= Hermippus of Smyrna =

3rd-century BC Greek biographer and philosopher

Hermippus of Smyrna (Ἕρμιππος ὁ Σμυρναῖος) was a Greek grammarian and peripatetic philosopher, surnamed by the ancient writers "the Callimachian" (ό Καλλιμάχειος), from which it may be inferred that he was a disciple of Callimachus about the middle of the 3rd century BC, while the fact of his having written about the life of Chrysippus proves that he lived to about the end of the century. His writings seem to have been of very great importance and value.

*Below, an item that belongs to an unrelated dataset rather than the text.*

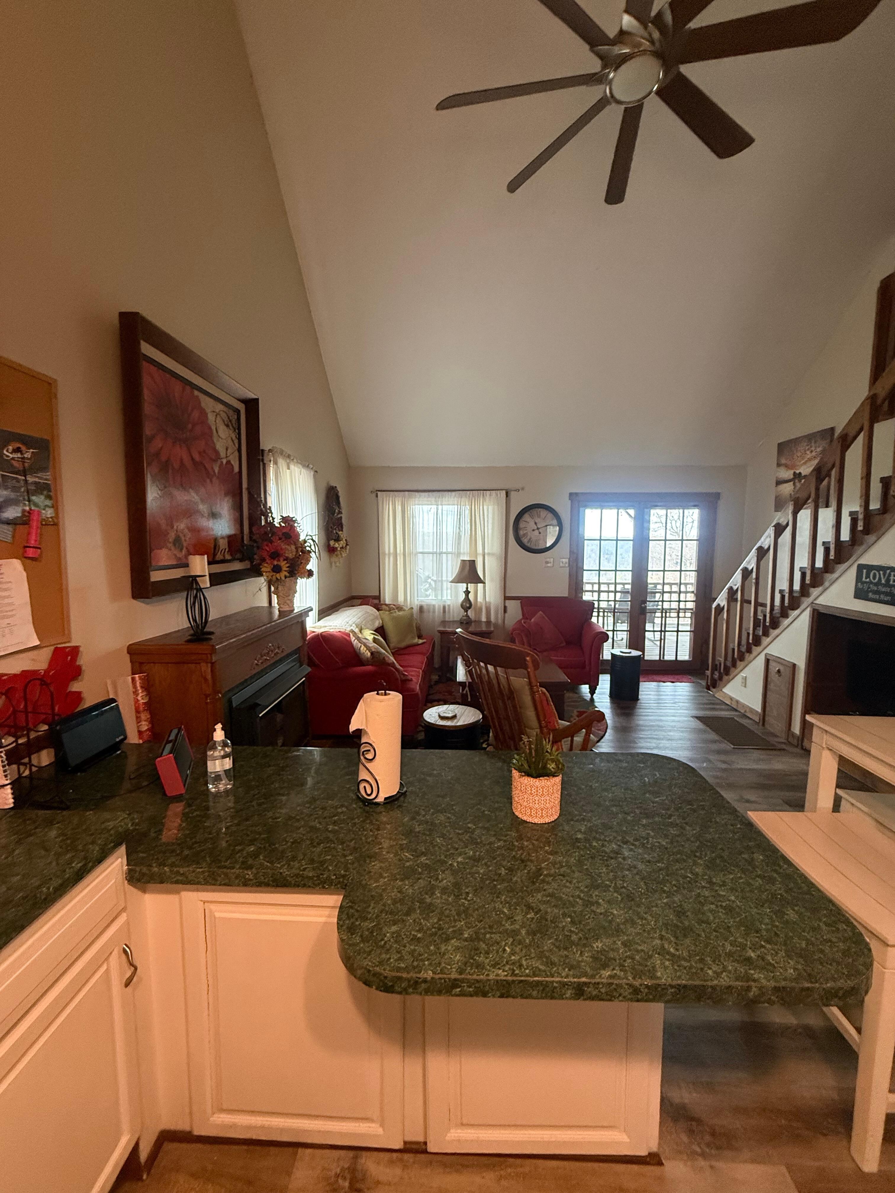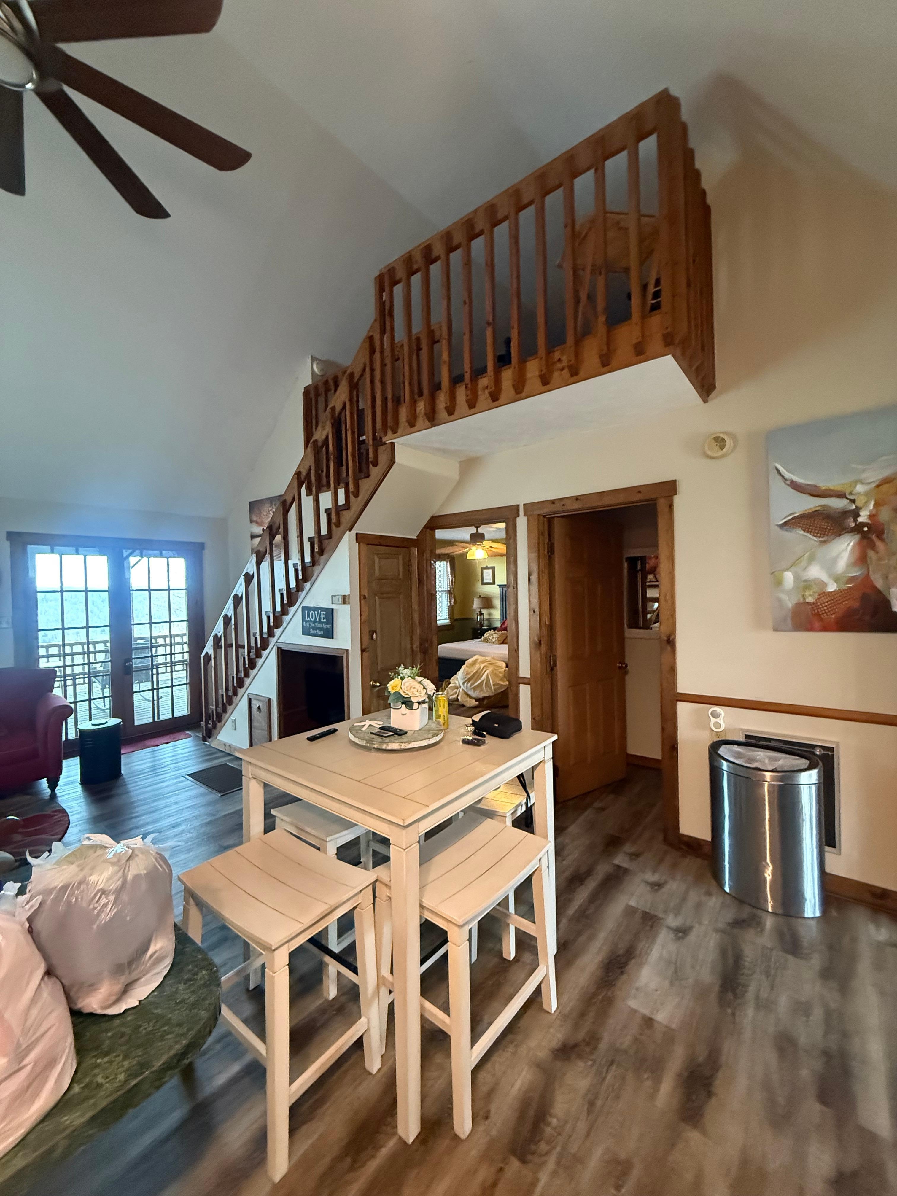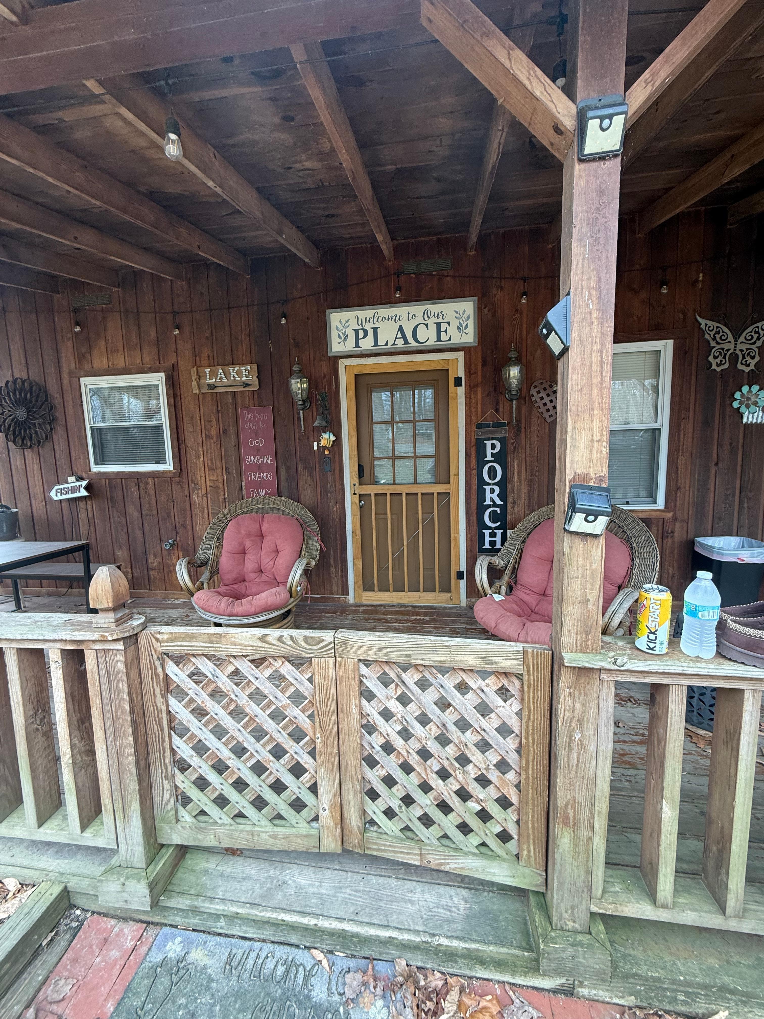 Welcome to our quaint Cabin! Super cute and comfortable fully equipped cabin! When you drive up you will find a great view plenty of parking for all the your boats and toys! The large front covered porch offering plenty of seating. Once you enter the Cabin you will be very delighted to find a very open and airy living space offering cathedral ceiling and an awesome lake view! The eat-in kitchen is fully equipped and has plenty of seating, dining table and bar area. The kitchen is open to the living room. There is a large second full bath that also offering a laundry area as well. The first floor large Primary bedroom has a very comfortable King size bed and private bath that has a beautiful lake view to wake up to! Second floor bedroom offers two queen size beds. There is very large covered rear deck with plenty of seating to sit and enjoy the lake and mountain views and watch the boats go by. If you’re a early riser, you just may spot wild life feeding in the yard. Also under the rear deck area there is a ping pong table, portal basket ball hoop (bring your ball) corn hole game and large Jenga game and a fire pit is in the front yard. Sunset Marina & beach within 7 min drive. You wont want to leave this tranquil cozy cabin, very serene! Enjoy your stay!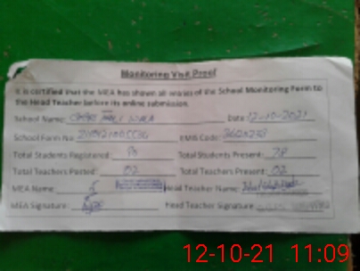 | Attendance Register | Head Teacher | MEA with School | Visit Proof |

They are repeatedly referred to by the ancient writers, under many titles, of which, however, most, if not all, seem to have been chapters of his great biographical work, which is often quoted under the title of Lives (Bioi). The work contained the biographies of a great many ancient figures, including orators, poets, historians, and philosophers. It contained the earliest known biography of Aristotle, as well as philosophers such as Pythagoras, Empedocles, Heraclitus, Democritus, Zeno, Socrates, Plato, Antisthenes, Diogenes, Stilpo, Epicurus, Theophrastus, Heraclides, Demetrius Phalereus, and Chrysippus. The work has been lost, but many later Lives extensively quote it.

Josephus and Origen cite Hermippus to argue that Pythagoras owed a debt to Judaism.